Full wav support is a major missing feature, seektable support is another must-have IMO. Is there anything else major besides those that should be on the TODO?

Re: Multithreading

Reply #93
As of commit 0fd319c11503b4a31b355310ed73ca9a7366e551:
  • Seektable support added with --seektable val. -1 (default) to let program size the seektable based on input header (flac/wav), fallback to 100 seekpoints. 0 disables the seektable, n>0 tells the program to use that many seekpoints. The program reserves the right to override users choice if it detects that it's massive overkill
  • Optional metadata preservation from flac input files with --preserve-flac-metadata. Preserves the following meadata blocktypes: Application, Vorbis, Cuesheet, Picture, Undefined, aka everything that can be preserved
  • Added a --metacomp option to flanal allowing it to check if --preserve-flac-metadata losslessly preserved the metadata

Both seektable and metadata preservation has passed all tests including preserving the oddball metadata in flac-test-files, that doesn't mean they're free from bugs. If anyone has weird input they'd like to throw at it please do, I've tried to account for edge-cases but may have missed something.

There's also a separate branch in the repo that doesn't have these new features but does have a split pass as discussed a few posts above, enabled with --split.
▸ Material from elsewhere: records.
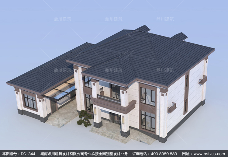 新中式二層帶柴火房別墅圖紙及效果圖_農村自建別墅設計,鼎川建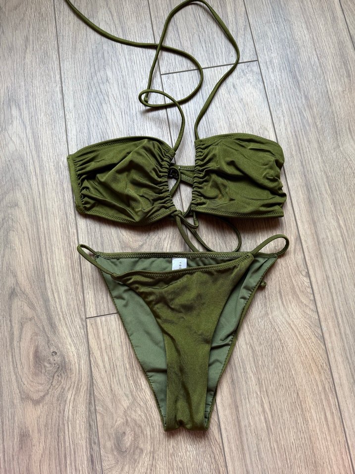Koyu yeşil renkli, ipli ve vücuda oturan kadın bikini takımıdır. Minimalist ve bohem tarzıyla plaj için uygundur.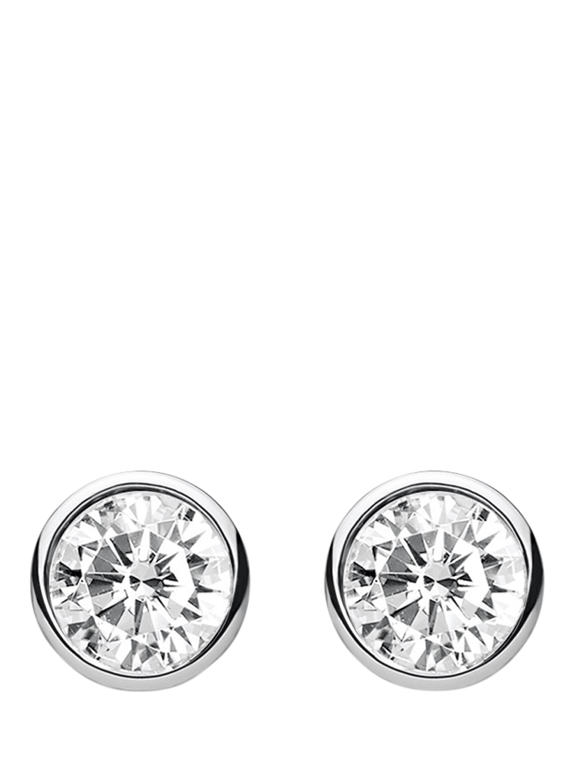 Delicate THOMAS SABO ear studs in 925 sterling silver, featuring a sparkling white zirconia centre stone elegantly framed by a classic bezel setting. A filigree, feminine design with push-back fastening. Suitable for pierced ears only.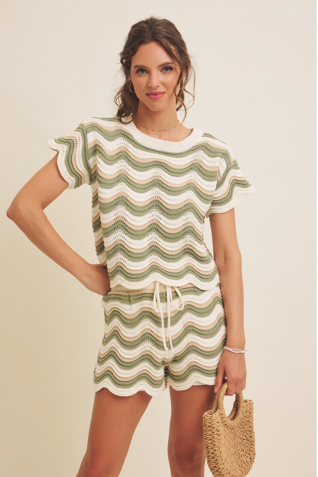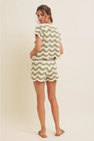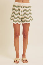 The In February Sand/Olive Wavy Multi-Stripe Shorts are a knit, wave-striped short with a scalloped hem and a soft elastic drawstring waist. Designed by In February, they feature airy crochet-like texture in sand, olive and cream tones for a relaxed, beach-ready look. Pair them with a simple tank or slide sandals for casual summer days or vacation styling.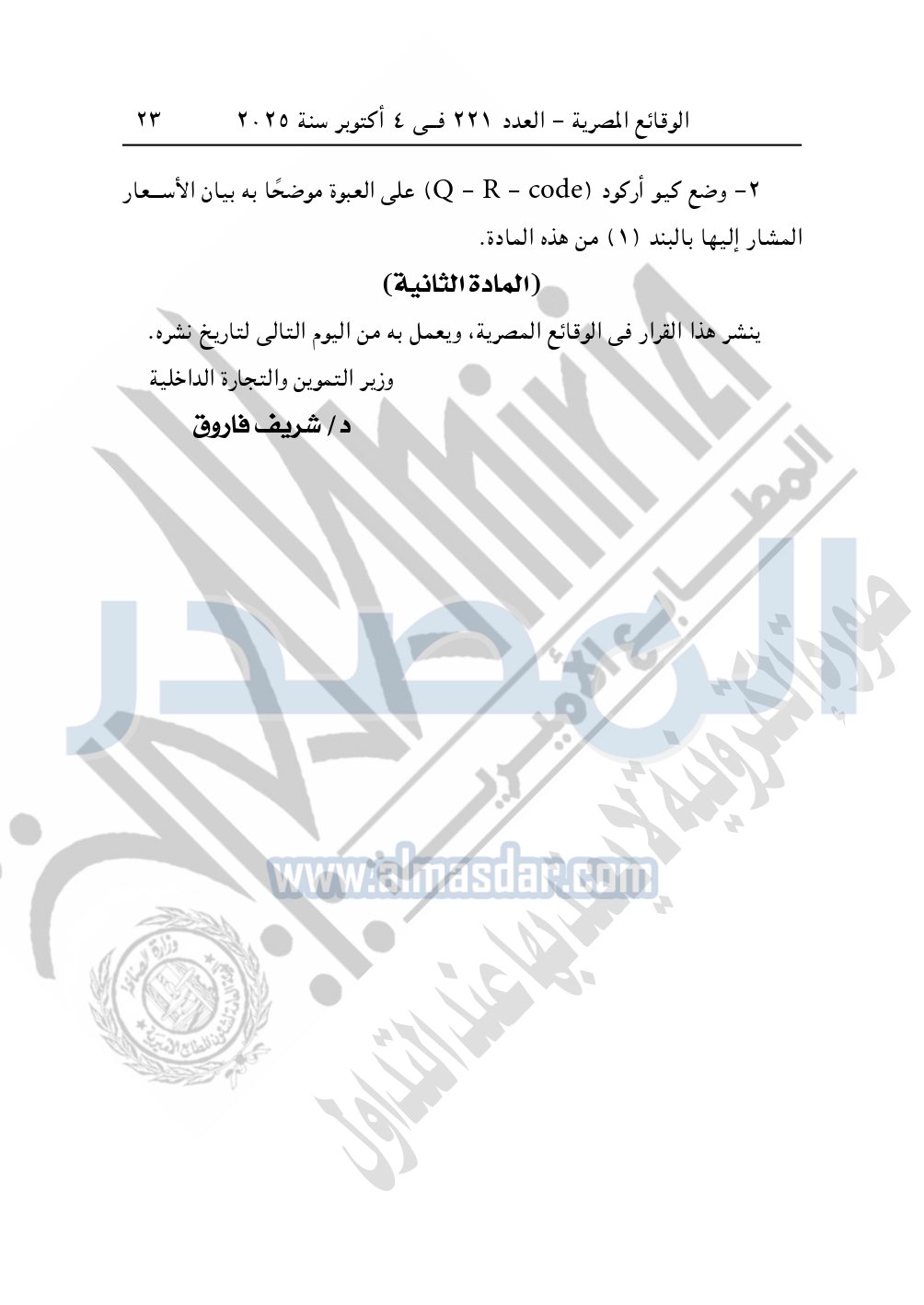 2- وضع كيو أركود "Q - R – code" على العبوة موضحا به بيان الأسعار المشار إليها بالبند "1" من هذه المادة.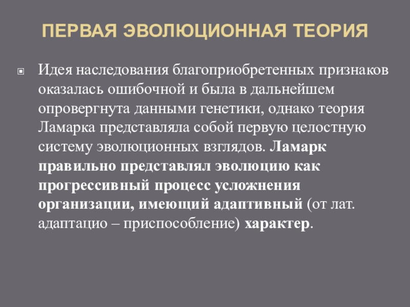 Согласно Ламарку, интенсивно функционирующие органы усиливаются и развиваются, не находящие употребления ослабевают и уменьшаются , а самое главное – эти функционально-морфологические изменения передаются по наследству (наследование благоприобретенных признаков). Само же употребление или неупотребление органов зависит от условий окружающей среды и от присущего любому организму стремления к совершенствованию. Перемена во внешних условиях ведет к изменению потребностей животного, последнее влечёт за собой изменение привычек, далее – усиленное употребление определённых органов.

It doesn't seem very effective so unless it can be reworked to be useful it's not going to be mainlined, but maybe I'm not testing with suitable input.

Now that seektable and preserving metadata is in some brave soul can convert their entire collection if they wish. I recommend checking the result with flac -t before you delete the originals, this is still alpha you know ;)

edit: By preserving metadata I mean anything in the flac spec, not very familiar with metadata but there can also be some stuff after the bitstream? That's not currently kept.